──────── DATASET SECTION ────────

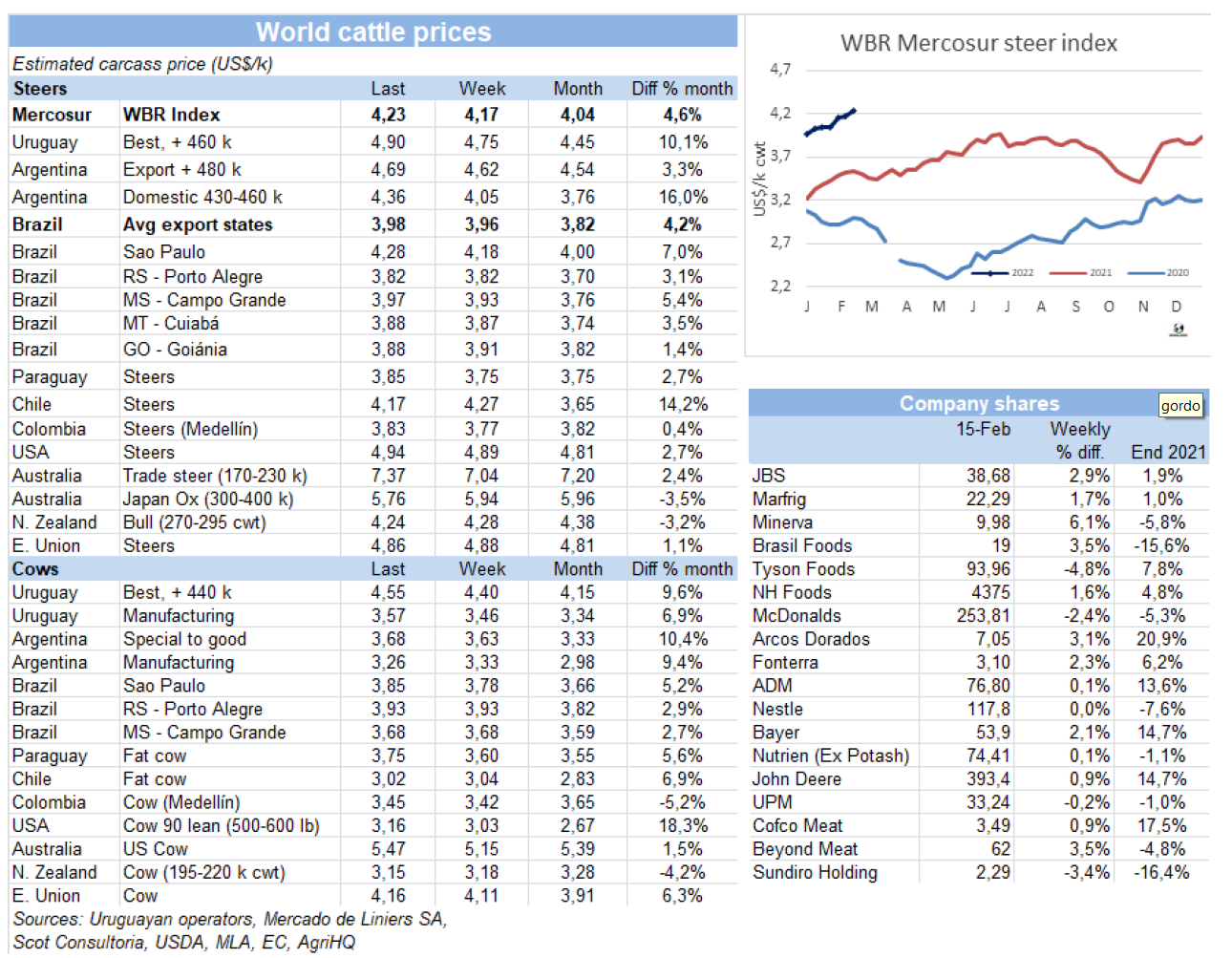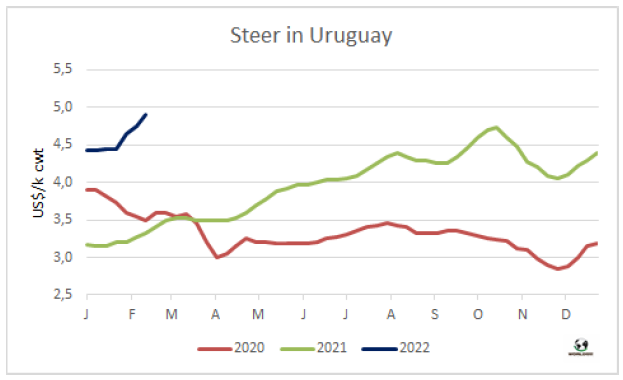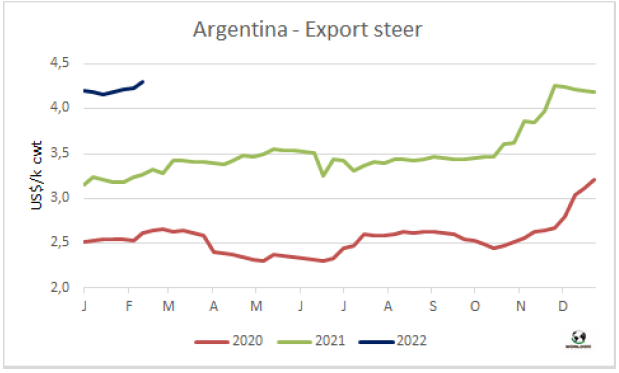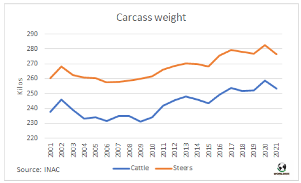 根據(jù)ABC出口商會(huì)的一份報(bào)告,去年待宰牛平均體重有所增加:母牛平均胴體重量為每頭210公斤,公牛的平均胴體重量為每頭246公斤,均高于2020年數(shù)據(jù)。對(duì)于ABC來(lái)說(shuō),由于“穆尼屠宰量減少和較輕動(dòng)物數(shù)量減少”,平均體重為每頭228公斤,比2020年增長(zhǎng)了2公斤。2022年的第一個(gè)月,這一數(shù)值再次被超越,達(dá)229公斤,盡管報(bào)告稱這 “與我們的競(jìng)爭(zhēng)對(duì)手相比仍有很大差距”。
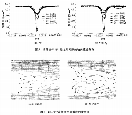 1)前导流件叶片后的尾流影响进入叶轮入口流体速度分布,也是导致合力矩系数Cm**问发生变化的主要原因,从而影响叶轮的旋转特性。
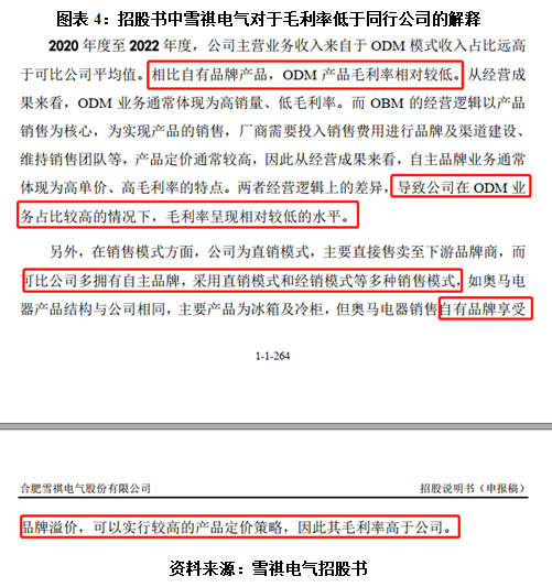 與自有品牌產品能夠享受品牌溢價不同,ODM(原始設計制造商)業務通常體現為高銷量、低毛利率的特點,因此ODM產品毛利率相對較低。而多年來,雪祺電氣缺乏自主品牌,報告期內ODM業務占比為100%,以代工業務維持經營,故導致毛利率偏低。
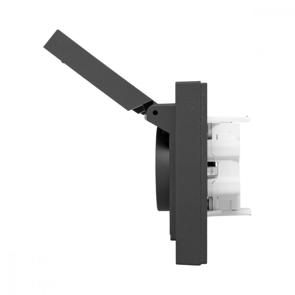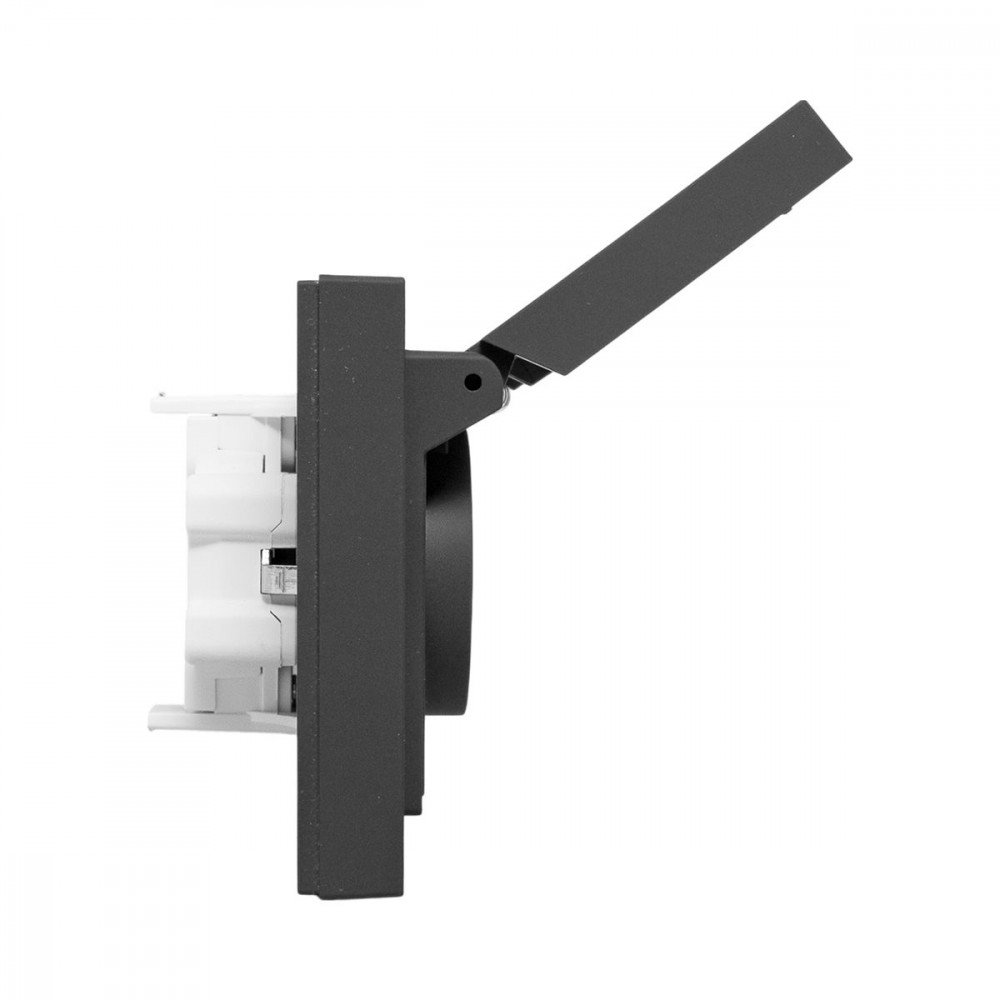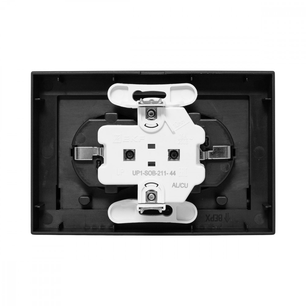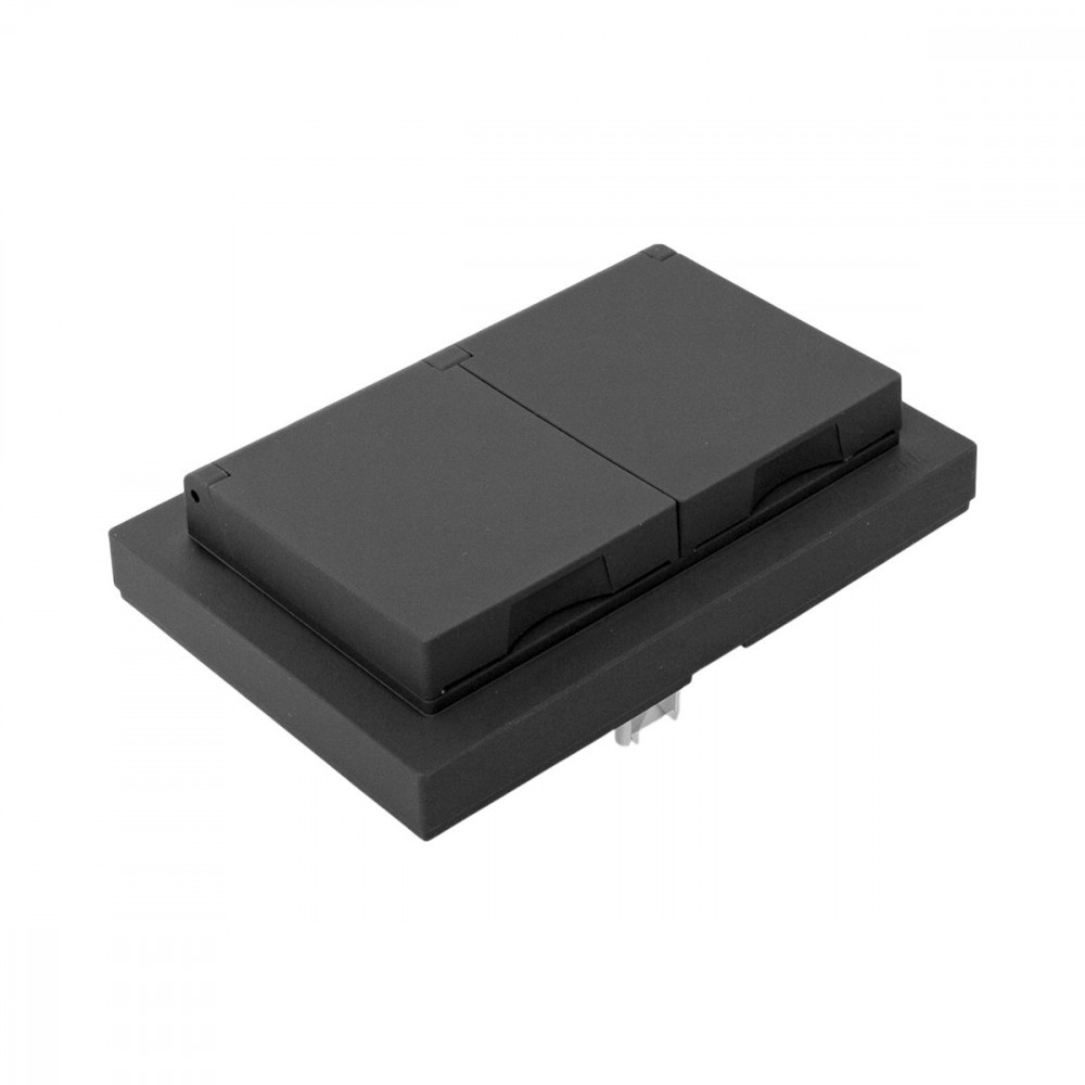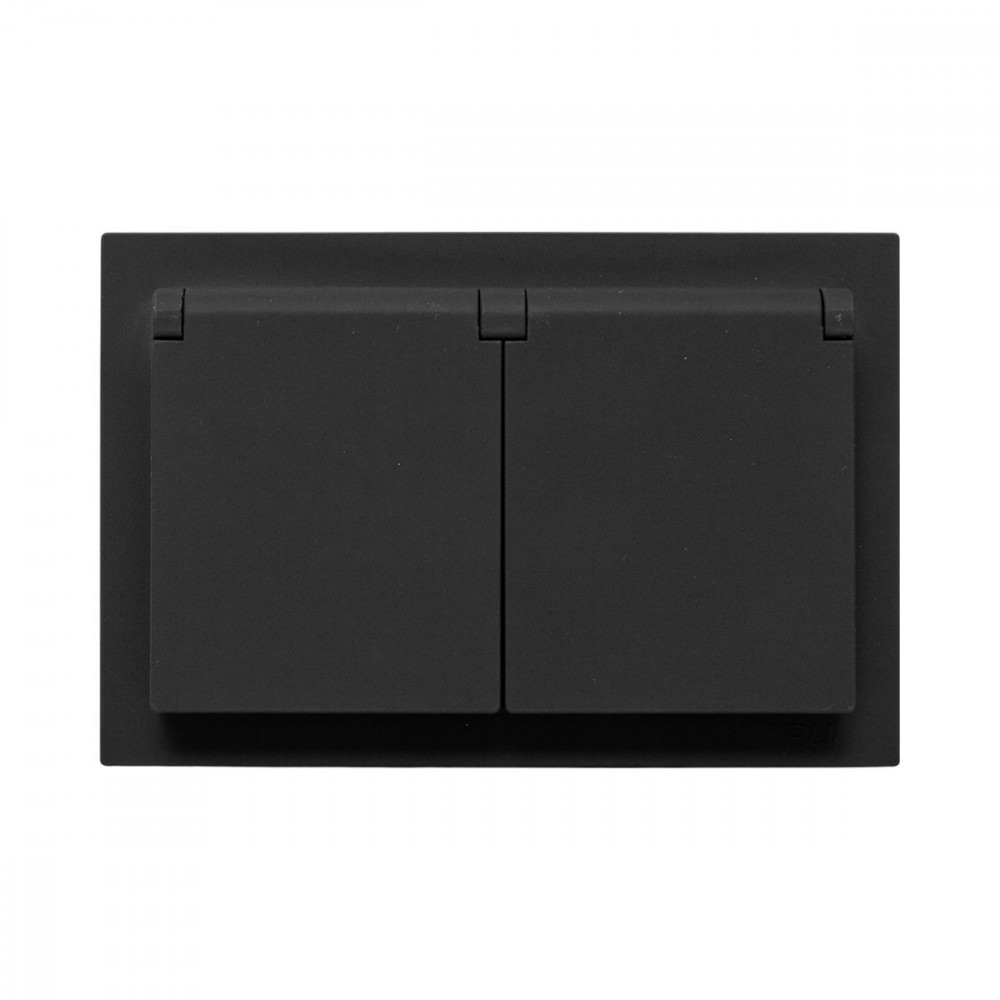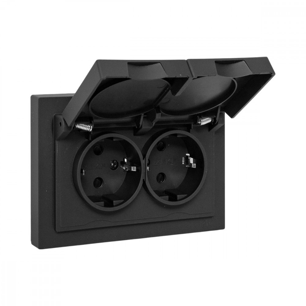 Механизм розетки двойной, 16А, IP44, с заземлением, со шторками, с рамкой, с крышками, ч-рный Эпика EKF UP1-SOB-211-44, Розетка скрытого монтажа

────────

**TASK STATEMENT:** Your copy should match the data above exactly, apart from the pictures.

**EXERCISE SOLUTION:**
 根據(jù)ABC出口商會(huì)的一份報(bào)告,去年待宰牛平均體重有所增加:母牛平均胴體重量為每頭210公斤,公牛的平均胴體重量為每頭246公斤,均高于2020年數(shù)據(jù)。對(duì)于ABC來(lái)說(shuō),由于“穆尼屠宰量減少和較輕動(dòng)物數(shù)量減少”,平均體重為每頭228公斤,比2020年增長(zhǎng)了2公斤。2022年的第一個(gè)月,這一數(shù)值再次被超越,達(dá)229公斤,盡管報(bào)告稱這 “與我們的競(jìng)爭(zhēng)對(duì)手相比仍有很大差距”。
 1)前导流件叶片后的尾流影响进入叶轮入口流体速度分布,也是导致合力矩系数Cm**问发生变化的主要原因,从而影响叶轮的旋转特性。
 與自有品牌產品能夠享受品牌溢價不同,ODM(原始設計制造商)業務通常體現為高銷量、低毛利率的特點,因此ODM產品毛利率相對較低。而多年來,雪祺電氣缺乏自主品牌,報告期內ODM業務占比為100%,以代工業務維持經營,故導致毛利率偏低。
 Механизм розетки двойной, 16А, IP44, с заземлением, со шторками, с рамкой, с крышками, ч-рный Эпика EKF UP1-SOB-211-44, Розетка скрытого монтажа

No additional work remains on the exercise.